> _TASK PROMPT_: Go through the listing below and write out exactly the lines from the one that mentions "일산 호수공원 안에 있는" through the one that mentions "Coppia di appliques", minus the pictures.

> _RECORD EXCERPTS_:
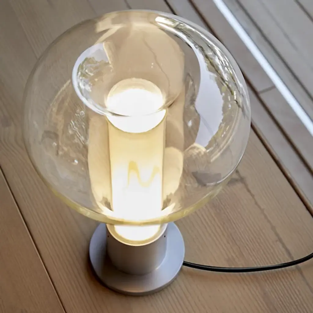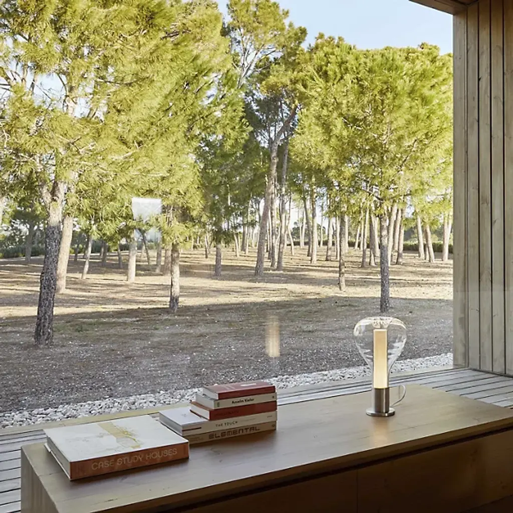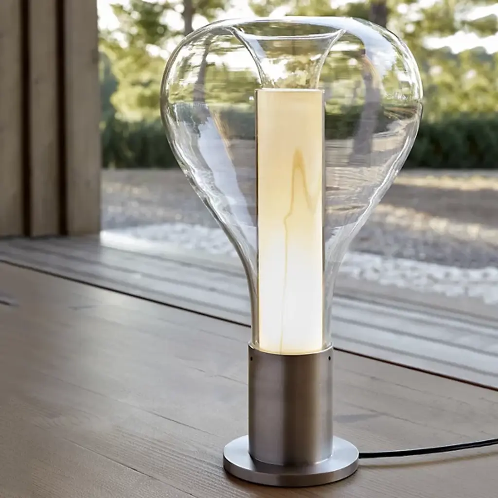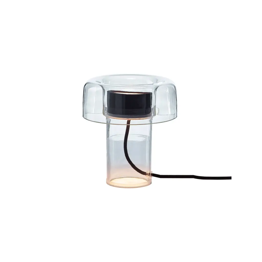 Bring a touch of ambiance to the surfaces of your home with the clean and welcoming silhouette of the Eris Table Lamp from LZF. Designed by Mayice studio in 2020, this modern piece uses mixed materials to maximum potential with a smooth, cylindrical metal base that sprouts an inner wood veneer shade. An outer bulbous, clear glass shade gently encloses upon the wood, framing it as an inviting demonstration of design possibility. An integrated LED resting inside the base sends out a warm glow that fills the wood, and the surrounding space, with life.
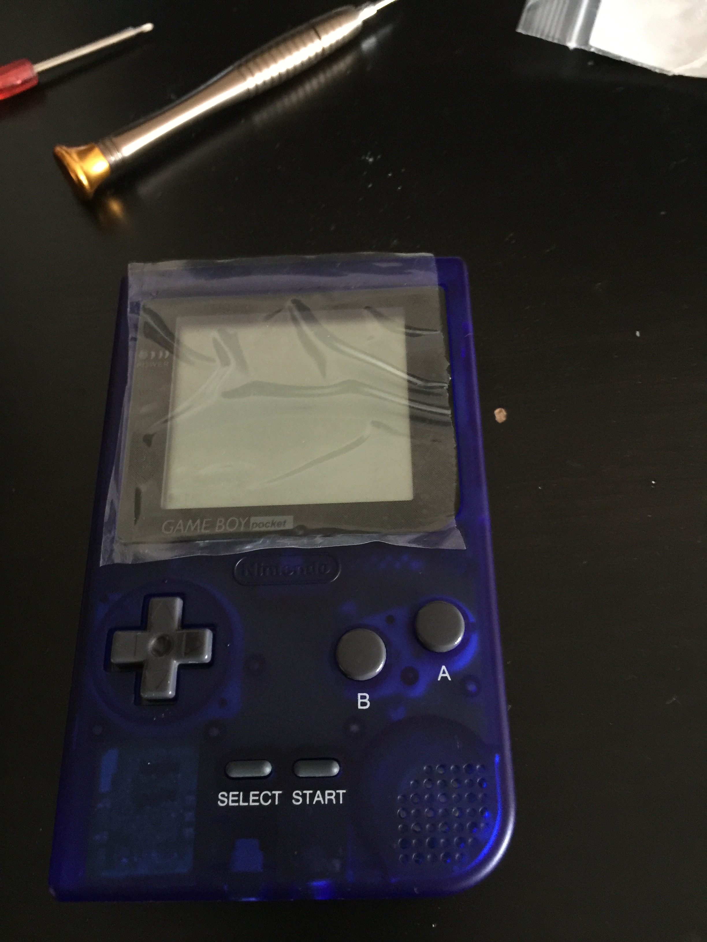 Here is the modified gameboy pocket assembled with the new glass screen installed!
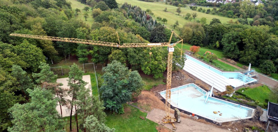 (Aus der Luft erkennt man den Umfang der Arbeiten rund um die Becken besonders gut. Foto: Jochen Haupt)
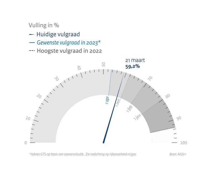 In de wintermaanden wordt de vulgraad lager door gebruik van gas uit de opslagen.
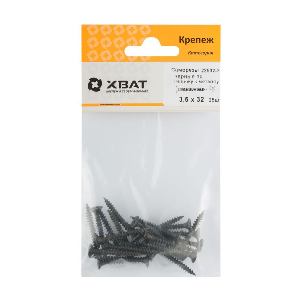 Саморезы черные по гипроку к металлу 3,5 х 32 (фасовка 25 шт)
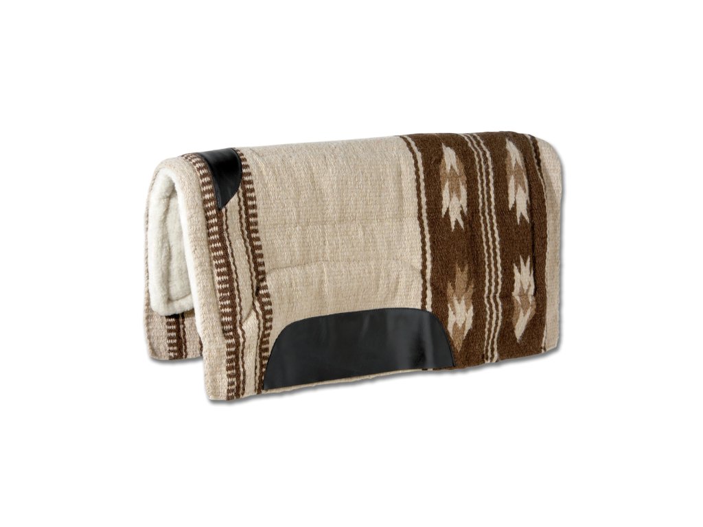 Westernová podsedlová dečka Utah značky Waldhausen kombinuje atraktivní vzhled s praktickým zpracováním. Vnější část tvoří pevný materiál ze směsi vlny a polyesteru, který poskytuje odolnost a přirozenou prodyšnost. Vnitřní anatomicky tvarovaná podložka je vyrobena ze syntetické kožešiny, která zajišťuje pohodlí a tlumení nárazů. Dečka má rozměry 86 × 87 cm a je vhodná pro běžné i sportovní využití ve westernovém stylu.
==
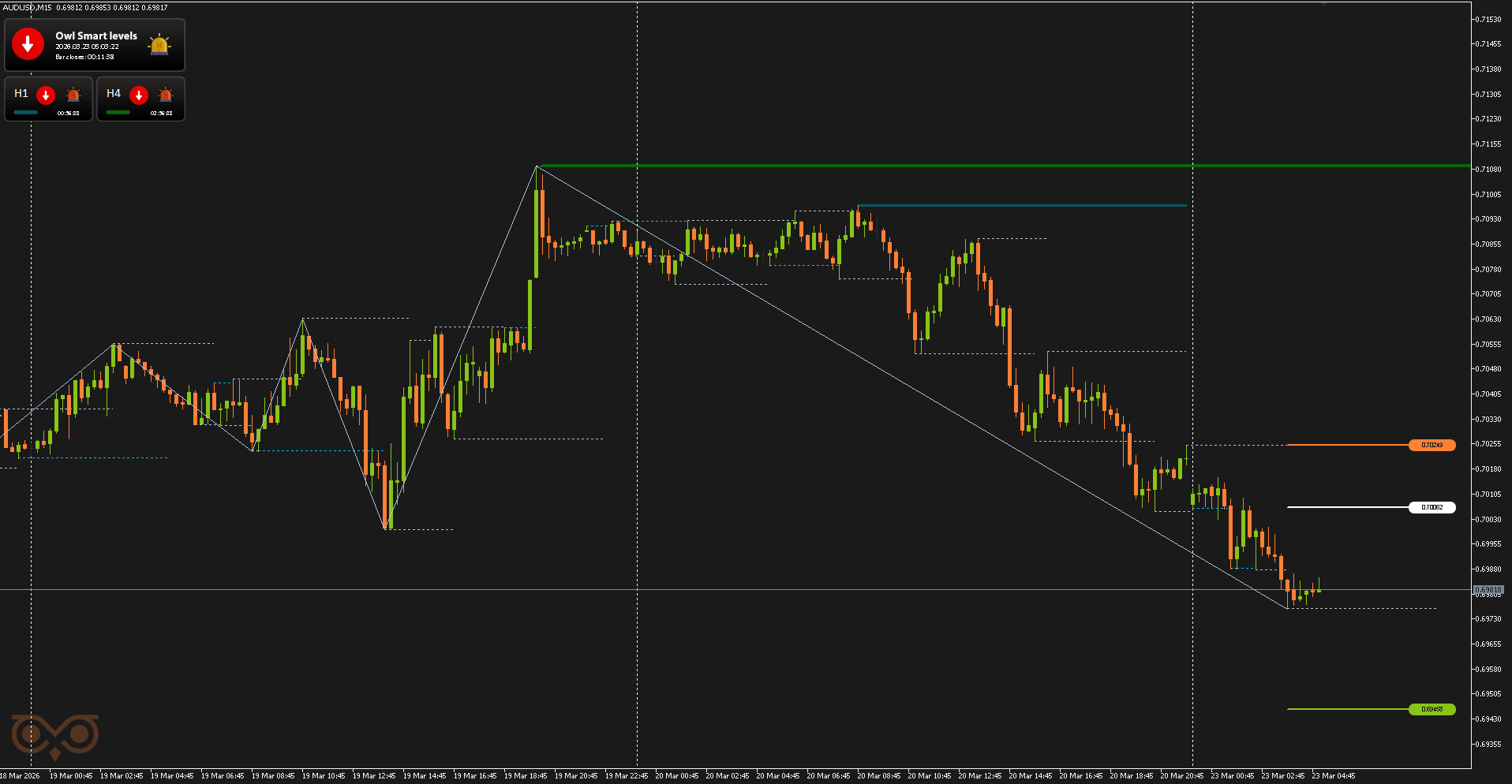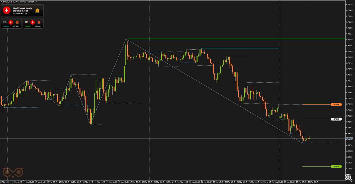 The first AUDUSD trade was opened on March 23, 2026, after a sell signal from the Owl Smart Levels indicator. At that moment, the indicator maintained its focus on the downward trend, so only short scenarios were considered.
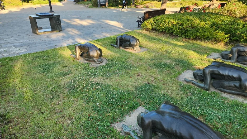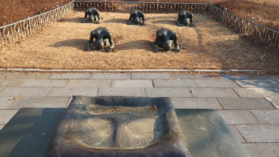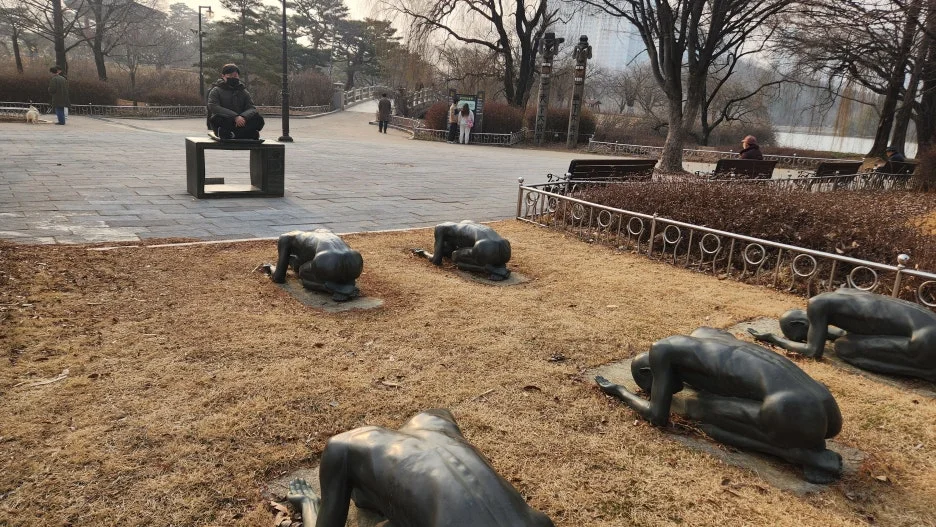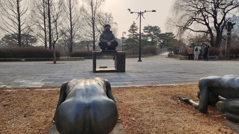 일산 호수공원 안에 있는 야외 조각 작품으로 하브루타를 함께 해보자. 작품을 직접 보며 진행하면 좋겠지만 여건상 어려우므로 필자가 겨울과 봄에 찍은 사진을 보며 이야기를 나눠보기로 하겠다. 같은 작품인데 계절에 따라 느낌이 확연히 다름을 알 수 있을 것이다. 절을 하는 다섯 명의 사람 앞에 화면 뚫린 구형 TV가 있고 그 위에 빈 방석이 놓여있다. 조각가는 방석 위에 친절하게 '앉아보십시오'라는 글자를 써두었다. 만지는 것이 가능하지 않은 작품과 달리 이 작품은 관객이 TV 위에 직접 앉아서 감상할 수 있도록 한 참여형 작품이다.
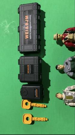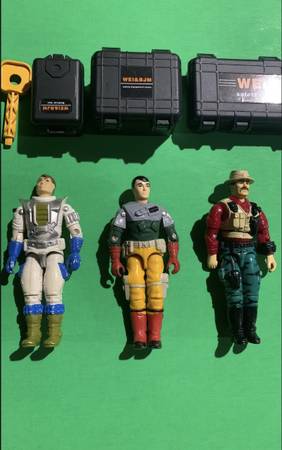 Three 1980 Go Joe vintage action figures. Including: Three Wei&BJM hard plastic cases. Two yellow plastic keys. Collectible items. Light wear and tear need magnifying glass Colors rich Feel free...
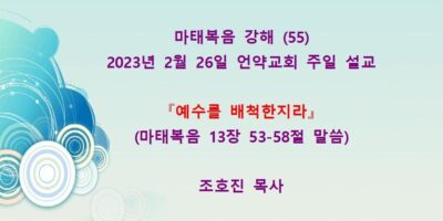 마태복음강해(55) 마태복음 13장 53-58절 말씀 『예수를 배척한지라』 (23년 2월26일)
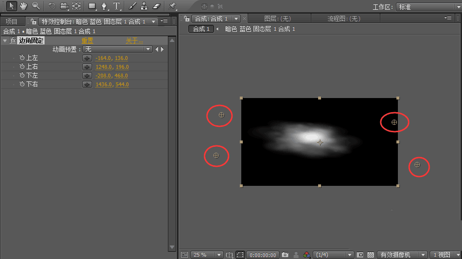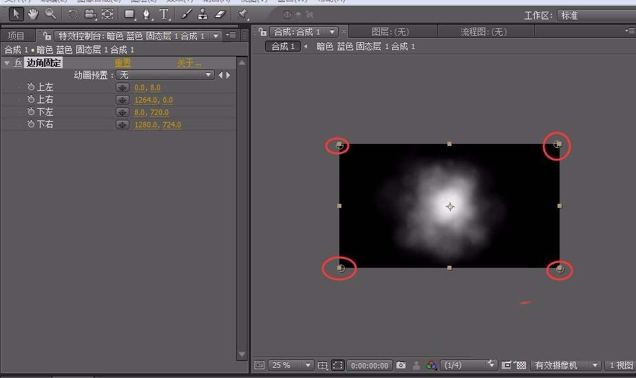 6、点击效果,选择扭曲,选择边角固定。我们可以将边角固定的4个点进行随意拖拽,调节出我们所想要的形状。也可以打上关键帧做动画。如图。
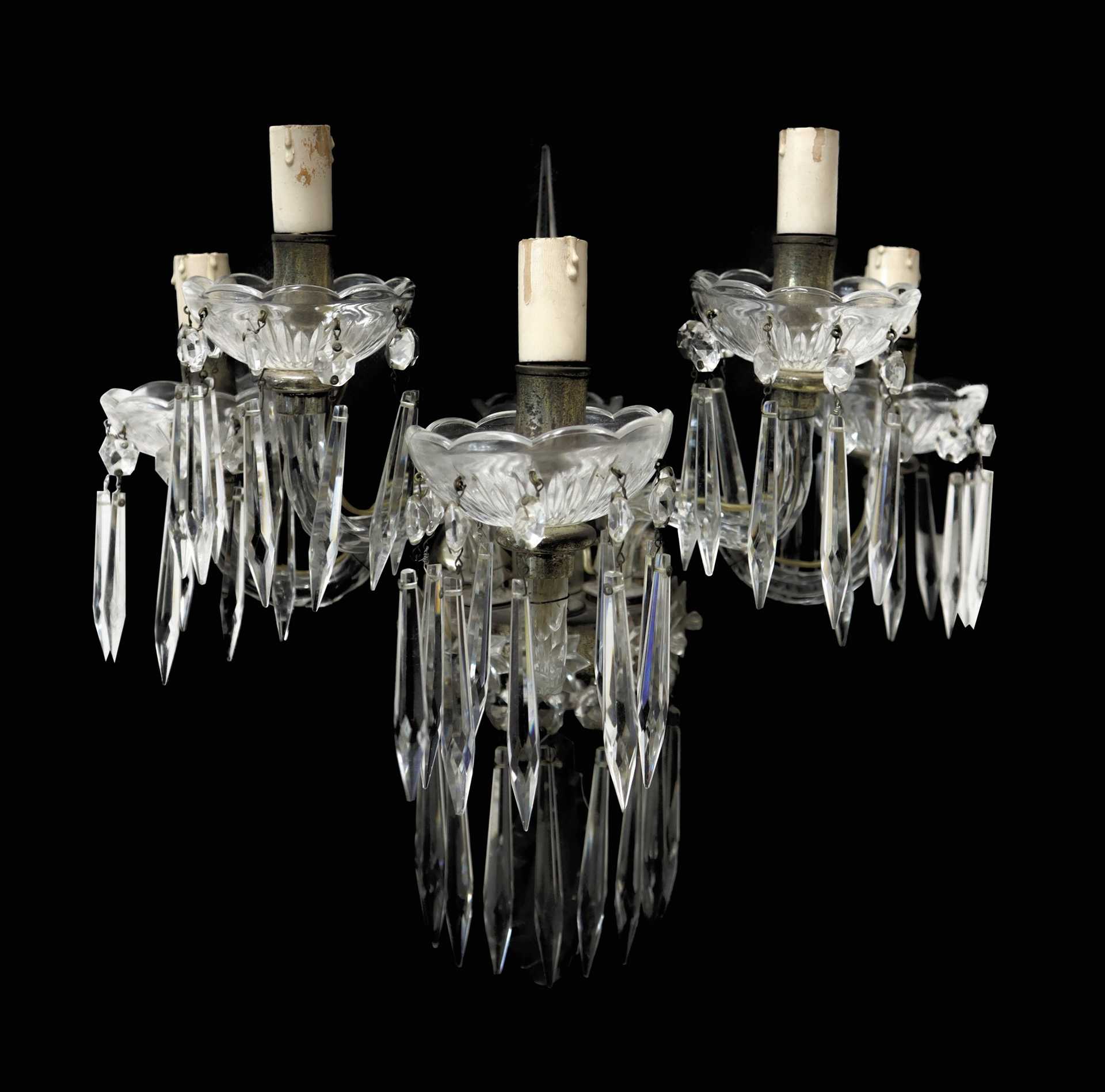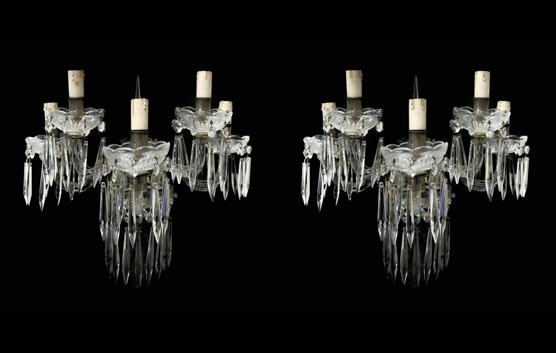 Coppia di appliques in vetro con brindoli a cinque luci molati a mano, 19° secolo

> _RESPONSE TO THIS TASK_:
 일산 호수공원 안에 있는 야외 조각 작품으로 하브루타를 함께 해보자. 작품을 직접 보며 진행하면 좋겠지만 여건상 어려우므로 필자가 겨울과 봄에 찍은 사진을 보며 이야기를 나눠보기로 하겠다. 같은 작품인데 계절에 따라 느낌이 확연히 다름을 알 수 있을 것이다. 절을 하는 다섯 명의 사람 앞에 화면 뚫린 구형 TV가 있고 그 위에 빈 방석이 놓여있다. 조각가는 방석 위에 친절하게 '앉아보십시오'라는 글자를 써두었다. 만지는 것이 가능하지 않은 작품과 달리 이 작품은 관객이 TV 위에 직접 앉아서 감상할 수 있도록 한 참여형 작품이다.
 Three 1980 Go Joe vintage action figures. Including: Three Wei&BJM hard plastic cases. Two yellow plastic keys. Collectible items. Light wear and tear need magnifying glass Colors rich Feel free...
 마태복음강해(55) 마태복음 13장 53-58절 말씀 『예수를 배척한지라』 (23년 2월26일)
 6、点击效果,选择扭曲,选择边角固定。我们可以将边角固定的4个点进行随意拖拽,调节出我们所想要的形状。也可以打上关键帧做动画。如图。
 Coppia di appliques in vetro con brindoli a cinque luci molati a mano, 19° secolo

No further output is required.